Kecenderungan ini justru mengkhawatirkan. Kenapa? Pesantren adalah institusi pendidikan, dalam hal ini pendidikan agama, dan karena itu keberadaannya harus tetap steril dari kepentingan politik praktis agar fungsinya tidak terganggu. Pun, kiai dan santri sebagai status sosio-religius. Ia juga harus tetap steril dari kepentingan politik praktis agar fungsinya juga tidak terganggu. Dalam konteks pilkada, seharusnya kiai, pesantren, dan santri tidak terlibat dalam mobilisasi dukung-mendukung calon tertentu secara institusional. Artinya, dukungan tetap bisa diberikan tapi secara pribadi, tidak perlu membawa-bawa status sosio-religius santri dan kiai maupun institusi pesantren.

Sebab, ketika institusi pesantren dilibatkan dalam mobilisasi politik praktis untuk mendukung calon tertentu, bisa dipastikan akan runtuh kewibawaannya sebagai institusi pendidikan keagamaan. Begitu juga, ketika kiai-kiai atau santri-santri bersekutu dan membentuk kelompok-kelompok demi mendukung calon tertentu, kewibawaannya sebagai penjaga moral keagamaan juga akan ikut runtuh. Jika kewibawaan runtuh, maka fungsi sosial keagamaan pesantren, kiai, dan santri juga akan tertanggu.

Sekali pesantren sebagai institusi pendidikan dilibatkan dalam mobilisasi politik praktis dan tidak netral, ini akan menjadi preseden dan membuat “ketagihan”. Sekali para kiai dan santri dapat dimobilisasi dalam persekutuan untuk memberikan dukungan kepada calon tertentu, ini juga akan menjadi preseden buruk.
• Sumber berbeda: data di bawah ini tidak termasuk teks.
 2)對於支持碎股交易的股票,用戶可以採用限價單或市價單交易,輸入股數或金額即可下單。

Seterusnya juga akan dimobilisasi untuk tujuan dan kepentingan politik praktis.

Jika ini yang terjadi, lalu apa bedanya kiai dan santri dengan kelompok-kelompok masyarakat yang selalu bergerombol dan dimobilisasi dengan mengatasnamakan agama, namun selalu menebar kebencian dan permusuhan itu?
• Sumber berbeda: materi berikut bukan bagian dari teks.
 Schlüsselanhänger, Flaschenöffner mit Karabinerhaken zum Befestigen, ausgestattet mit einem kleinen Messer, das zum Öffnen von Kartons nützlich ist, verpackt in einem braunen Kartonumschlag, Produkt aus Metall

Tak ada yang melarang orang-orang pesantren berebut kursi gubernur atau bupati/wali kota, atau memberi dukungan politik. Sebab, itu adalah hak politik setiap warga negara yang dijamin konstitusi. Namun, harus dilakukan sebagai pribadi, bukan secara institusional. Contoh terbaik pernah diberikan oleh KH Abdurrahman Wahid alias Gus Dur.
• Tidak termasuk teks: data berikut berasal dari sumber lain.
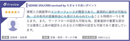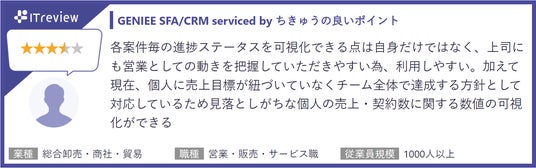 今回の「ITreview Grid Award 2024 Fall」は2024年9月までに掲載されたレビューの集計結果をもとに選定されています。「GENIEE SFA/CRM」を活用した営業進捗の可視化による社内での情報共有や会議の質改善に関する高評価のコメントが多く寄せられました。

Gus Dur adalah manusia politik par excellence. Namun, dalam berpolitik, Gus Dur melakukannya sebagai pribadi. Ketika menjadi Ketua Umum PBNU, Gus Dur tak pernah menyeret-nyeret institusi NU ke dalam politik praktis. Ketika memberikan dukungan politik kepada seseorang, sebutlah Ahok atau lainnya, misalnya, Gus Dur melakukannya sebagai pribadi. Tidak pernah memobilisasi kiai atau santri atau pesantren untuk juga memberikan dukungan secara terbuka. Bahkan, ketika sebagai presiden ia hendak dimakzulkan, Gus Dur justru melarang ribuan santri yang siap mempertaruhkan nyawa untuk bergerak. Jika saja ketika itu Gus Dur memberi lampu hijau, sudah pasti akan menjadi preseden buruk: mobilisasi massa di kalangan pesantren.

Karena itulah, dalam pesta demokrasi pada penyelenggaraan pilkada 2020 ini, sebaiknya pesentren sebagai institusi pendidikan keagamaan tetap dijaga netralitasnya. Juga tak perlu ada mobilisasi kiai dan santri.

Masih ingatkah kita akan peribahasa ini: sekali lancung ke ujian, seumur hidup orang tak percaya.